(Dataset entries)
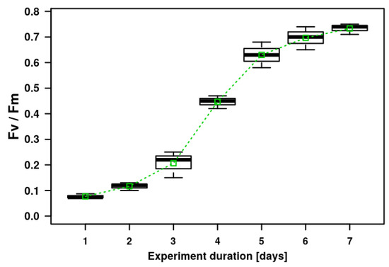 Microalgal biofilm growth on geotextile patches placed in artificially prepared wastewater during laboratory cultivation in Erlenmeyer flasks. The growth is expressed as the chlorophyll fluorescence parameter Fv/Fm. The graph shows the means (small open green boxes), median values of the second quartile (thick black lines), upper and lower quartile (boxes with 50% of measured data) and error bars with the upper and lower extreme values indicated.
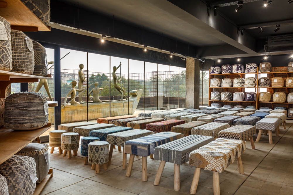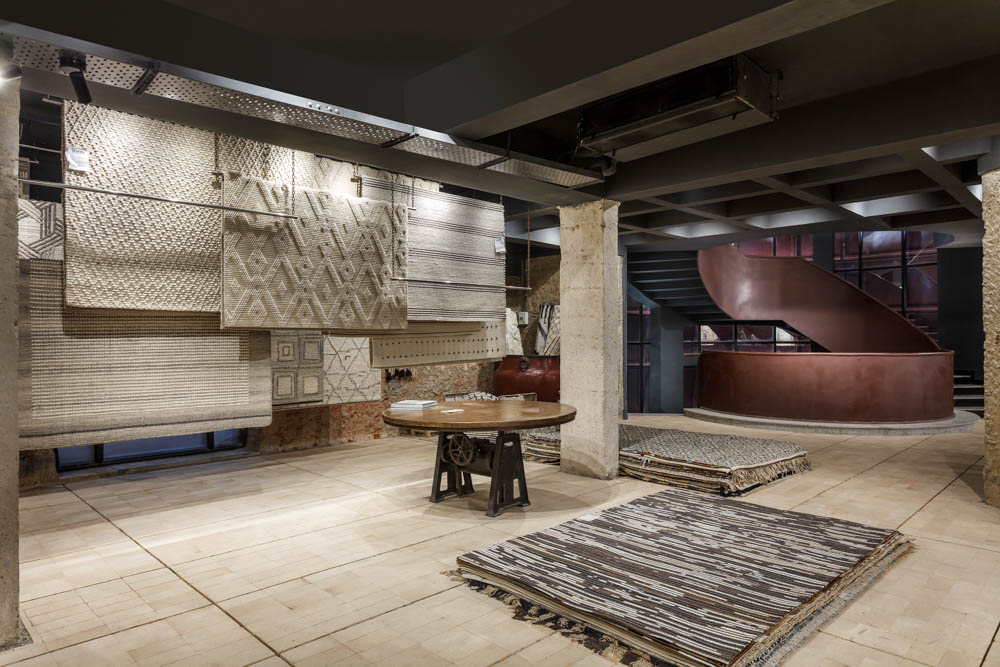 Rug Republic is one of India’s largest international exporters of rugs and soft furniture, and hence, the idea was to create a bare shell — a non-intrusive backdrop to celebrate the brand’s exquisite work. Bare black interiors, rebar cage and other inexpensive interventions for the exhibition offer an unfinished aesthetic to the space. Furthermore, the use of temporary interventions adds to a degree of flexibility to the internal layout. The floors are lined with fire bricks to allow ease of removal for future changes.
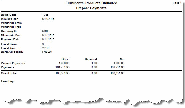 Note: You can prepare more than one batch if needed, printing and posting each batch independently of the others. - Select a due date for the invoices from the Invoices Due field. All invoices with a due date on or prior to this date will be included in the prepare payments, for the range of vendors selected, and have a status of released.
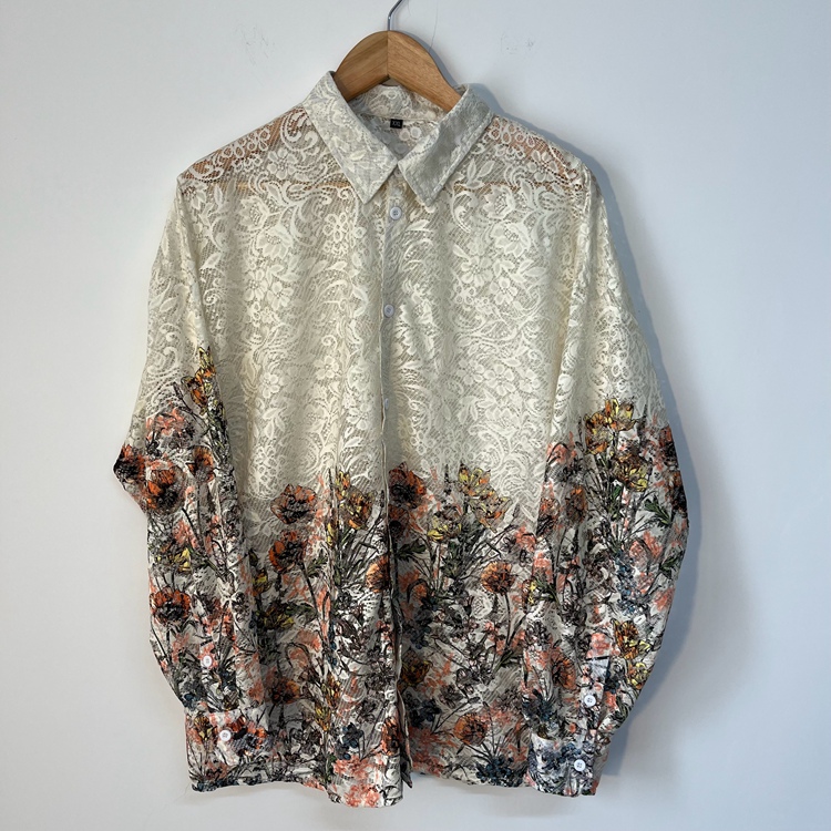 Vintage Lace Mesh Hollowed Out Men's Top
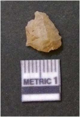 | Description / विवरण | It is chalcedony flake, translucent in appearance. The piece shows sharp pointed ends and flake scars on the surface as a result of flaking. The piece shows a bulb of percussion. |
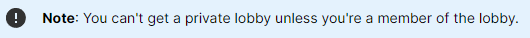 [Lobby]: Forbidden, (16403). Message: lobby is private UnityEngine.Logger:LogError (string,object) Unity.Services.Lobbies.Logger:LogError (object) (at Library/PackageCache/com.unity.services.lobby@1.0.3/Runtime/Utils/Logger.cs:17) Unity.Services.Lobbies.Internal.WrappedLobbyService:ResolveErrorWrapping (Unity.Services.Lobbies.LobbyExceptionReason,System.Exception) (at Library/PackageCache/com.unity.services.lobby@1.0.3/Runtime/SDK/WrappedLobbyService.cs:417) Unity.Services.Lobbies.Internal.WrappedLobbyService/<TryCatchRequest>d__20`2<Unity.Services.Lobbies.Lobby.GetLobbyRequest, Unity.Services.Lobbies.Models.Lobby>:MoveNext () (at Library/PackageCache/com.unity.services.lobby@1.0.3/Runtime/SDK/WrappedLobbyService.cs:359) System.Runtime.CompilerServices.AsyncTaskMethodBuilder`1<Unity.Services.Lobbies.Response`1<Unity.Services.Lobbies.Models.Lobby>>:SetException (System.Exception) Unity.Services.Lobbies.Apis.Lobby.LobbyApiClient/<GetLobbyAsync>d__9:MoveNext () (at Library/PackageCache/com.unity.services.lobby@1.0.3/Runtime/Apis/LobbyApi.cs:316) System.Runtime.CompilerServices.AsyncTaskMethodBuilder`1<Unity.Services.Lobbies.Http.HttpClientResponse>:SetResult (Unity.Services.Lobbies.Http.HttpClientResponse) Unity.Services.Lobbies.Http.HttpClient/<MakeRequestAsync>d__3:MoveNext () (at Library/PackageCache/com.unity.services.lobby@1.0.3/Runtime/Http/HttpClient.cs:47) System.Runtime.CompilerServices.AsyncTaskMethodBuilder`1<Unity.Services.Lobbies.Http.HttpClientResponse>:SetResult (Unity.Services.Lobbies.Http.HttpClientResponse) Unity.Services.Lobbies.Http.HttpClient/<CreateWebRequestAsync>d__7:MoveNext () (at Library/PackageCache/com.unity.services.lobby@1.0.3/Runtime/Http/HttpClient.cs:138) System.Runtime.CompilerServices.AsyncTaskMethodBuilder`1<Unity.Services.Lobbies.Http.HttpClientResponse>:SetResult (Unity.Services.Lobbies.Http.HttpClientResponse) Unity.Services.Lobbies.Http.HttpClient/<>c__DisplayClass7_0/<<CreateWebRequestAsync>b__0>d:MoveNext () (at Library/PackageCache/com.unity.services.lobby@1.0.3/Runtime/Http/HttpClient.cs:135) System.Threading.Tasks.TaskCompletionSource`1<Unity.Services.Lobbies.Http.HttpClientResponse>:SetResult (Unity.Services.Lobbies.Http.HttpClientResponse) Unity.Services.Lobbies.Http.UnityWebRequestHelpers/<>c__DisplayClass0_0:<GetAwaiter>b__0 (UnityEngine.AsyncOperation) (at Library/PackageCache/com.unity.services.lobby@1.0.3/Runtime/Http/UnityWebRequestHelpers.cs:34) UnityEngine.AsyncOperation:InvokeCompletionEvent ()
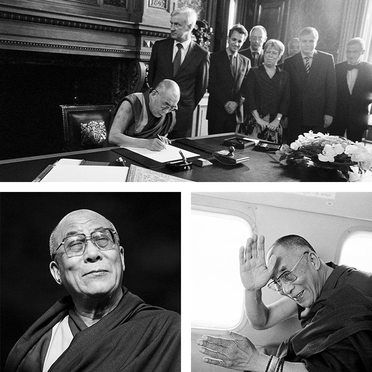 That precision has shaped his entire career. When Bauer first encountered the reality of Tibetan exile in the early 1990s, a relationship began that continues to this day. He has since followed not only the political fate of Tibet, but also the life of the 14th Dalai Lama. For over thirty years, he has documented the spiritual leader’s travels, public appearances, and conversations – but also private, quiet moments far from the public eye.
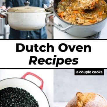 Do you have a Dutch oven? We asked for this heavy-duty cooking pot as a Christmas gift one year, and the rest is history! For years we’ve been using it to make bread, soups and stews, cook dried beans, and more. There are so many easy Dutch oven recipes, it’s hard to know where to start. Here are all our favorites: then scroll down to learn more about Dutch ovens and which we use.
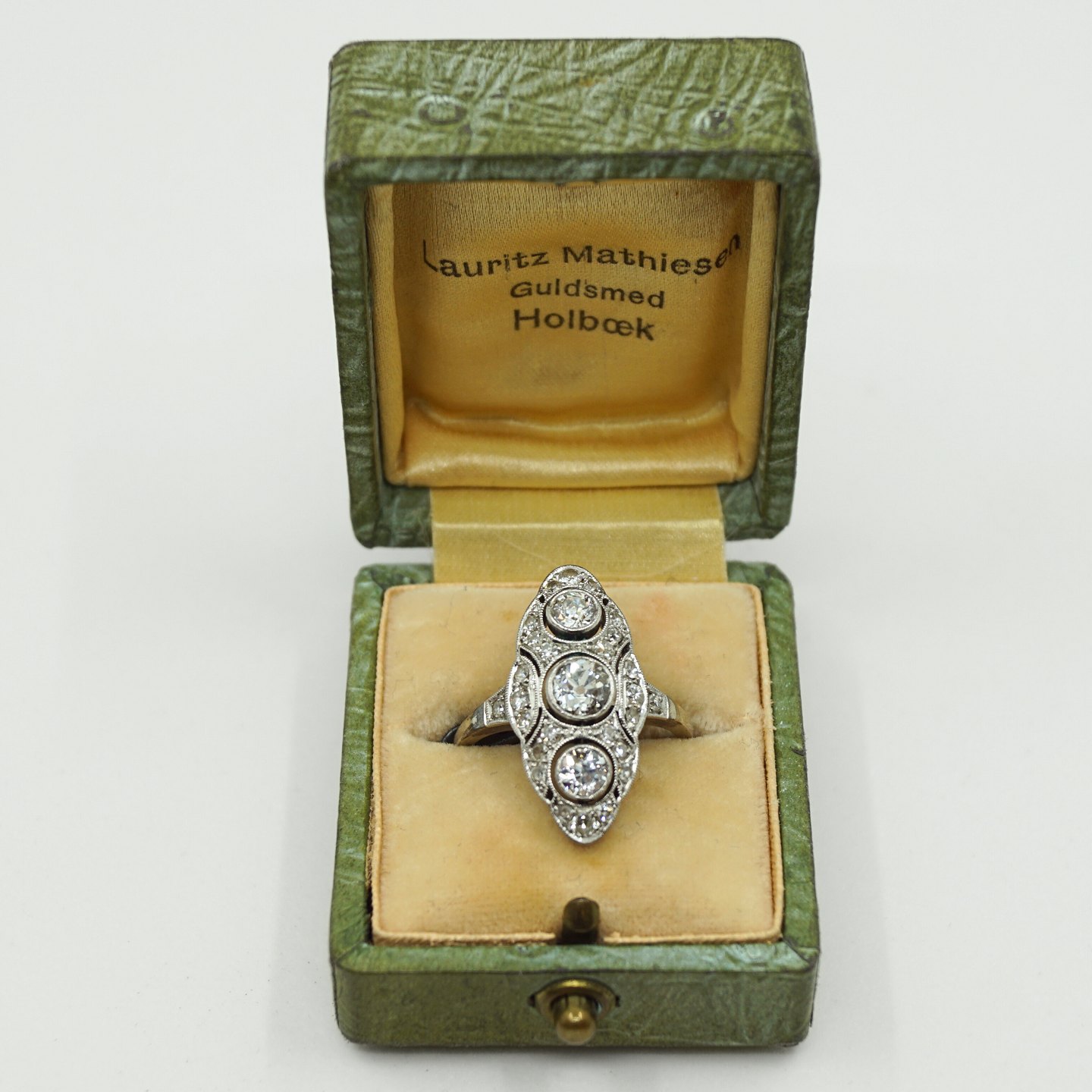 Ring of 14k white gold in art deco style. From the 1930s. Set with 3 larger diamonds, with a total of 1.47 ct. Surrounded by numerous
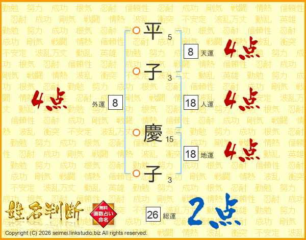 平子慶子さんの総運は26画の2点!
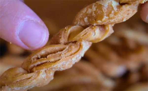 11.這個麻花終於炸好瞭,我們看看這個層次特別多,別看這小小一根,但是味道是絕對的好,特別酥脆,這個麻花吃起來咸咸香香的,加瞭芝麻特別的好吃,雖然咱們這個是油炸的,但是吃起來一點也不油膩。
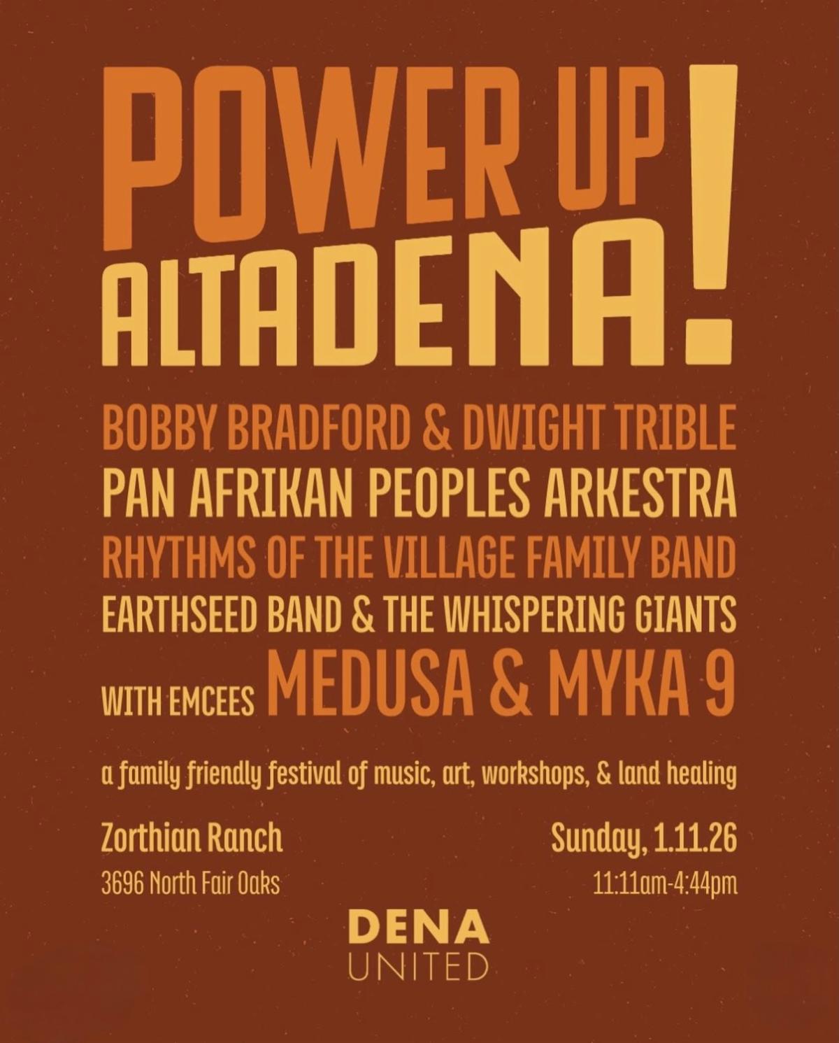 Soul Force Project Presents Power Up Altadena! (1/11/2026) | | Soul Force Project is an Altadena-based nonprofit and community of artists practicing global music to promote change and social justice. This January, join Soul Force Project for Power Up Altadena!, a healing day of community filled with live world music, jazz, and hip-hop, workshops, food, and local vendors. This family-friendly event is free for all Altadena residents and will give back to revitalizing the cultural community of Altadena. | | | | | |
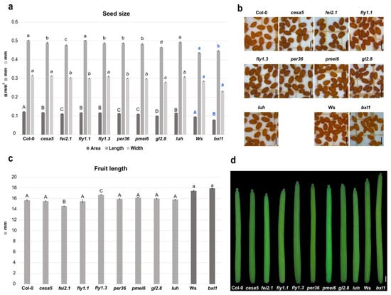 Effects of the cell wall mutations in seed and silique development. (a) Histogram representing seed size of the cell wall mutants, with mean of the seed area (mm2), length (mm), and width (mm); Error bars indicate the standard error (SE) of one representative biological replicate of n = 50 seeds. Statistical analyses were performed using ANOVA, followed by Tukey’s HSD test. Different letters indicate statistically significant differences (p < 0.01) (WT versus the other genotypes). (b) Stereomicroscope images of seeds from the cell wall mutants. Scale bar = 0.5 mm. (c) Histogram representing the mean of the silique length of the cell wall mutants; error bars indicate the SE of one representative biological replicate of n = 10 siliques. Statistical analyses were performed using ANOVA followed by Tukey’s HSD test; different letters indicate statistically significant differences (p < 0.01) (WT versus the other genotypes). (d) Stereomicroscope images of the siliques from cell wall mutants. Scale bar = 1 mm.
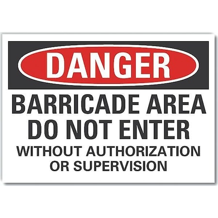Do Not Enter Danger Reflective Label, Horizontal Rectangle, Number of Printed Sides 1, English, Sign Format Traditional OSHA, Sign Legend Barricade Area Do Not Enter Without Authorization Or Supervision, Sign Legend Background Color White, Sign Legend Style Text
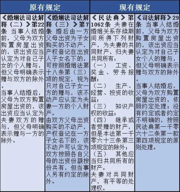 三、婚后父母为双方购置房屋出资的处理《司法解释》第29条对婚后父母为双方购置房屋出资的认定,和原《婚姻法司法解释(二)》《婚姻法司法解释(三)》相对比发生了重大变化,司法解释规定,在父母与子女之间没有约定或约定不明的情况下,无论权属登记情况,将推定为夫妻双方共同所有。
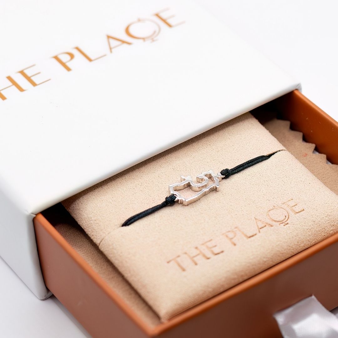 Capture the grandeur of Canada with our Canada Map Bracelet in sterling silver on a nylon cord, a tribute to the vast wilderness and welcoming cities that define this northern nation.
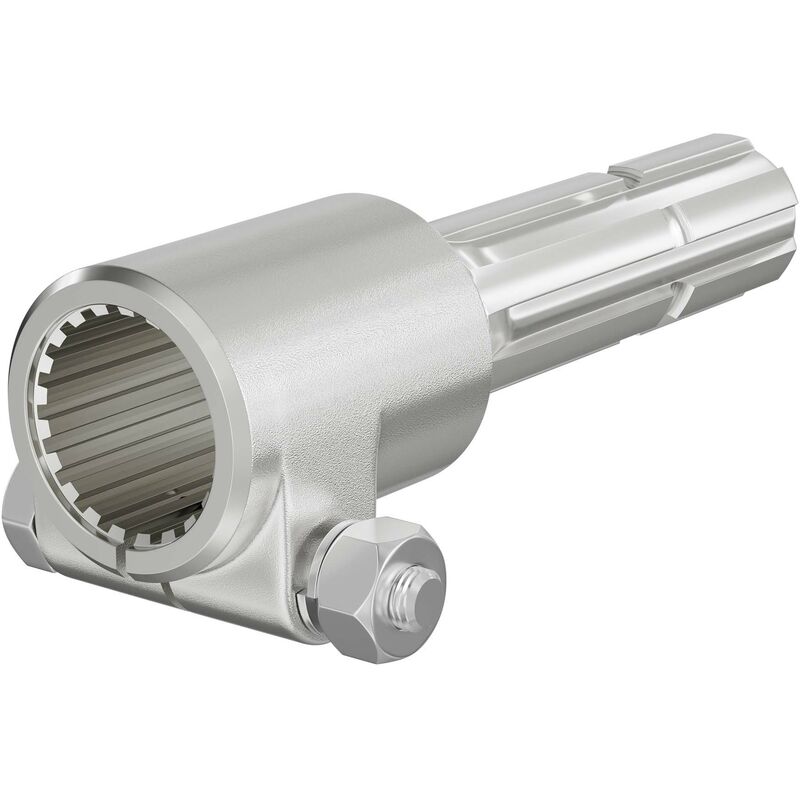 Boccola per albero cardanico Lunghezza: 160 mm Attacco albero scanalato: 1⅜″, 21 scanalature Attacco albero di uscita: 1⅜″, 6 denti Diametro: 36 mm (interno, con scanalature), ø 34,87 mm (esterno, con denti) Un albero cardanico (anche detto albero presa di forza) di alta qualità è un elemento essenziale nel settore agricolo, poiché trasmette la potenza del trattore a diversi tipi di macchine agricole. Un componente spesso indispensabile per la trasmissione di potenza è la boccola del cardano come adattatore con due lati di collegamento. Un lato presenta un profilo maschio o esterno, l'altro un profilo femmina o interno. Questo pezzo di collegamento viene utilizzato per collegare il cardano del trattore e l'albero cardanico in modo da poter azionare un attrezzo trainato. Il pezzo viene spinto su entrambe le estremità, le scanalature del profilo interno impediscono all'albero di ruotare. Il numero di denti e scanalature nel profilo interno ed esterno della boccola può variare. Il nostro
(End Dataset entries)
_Exercise details:_ Using the entries above, write out exactly the lines from the one with "Vintage Lace Mesh Hollowed Out Men's Top" through the one with "of percussion. |", ends included. Leave out any pictures.

_Response to this exercise:_
 Vintage Lace Mesh Hollowed Out Men's Top
 | Description / विवरण | It is chalcedony flake, translucent in appearance. The piece shows sharp pointed ends and flake scars on the surface as a result of flaking. The piece shows a bulb of percussion. |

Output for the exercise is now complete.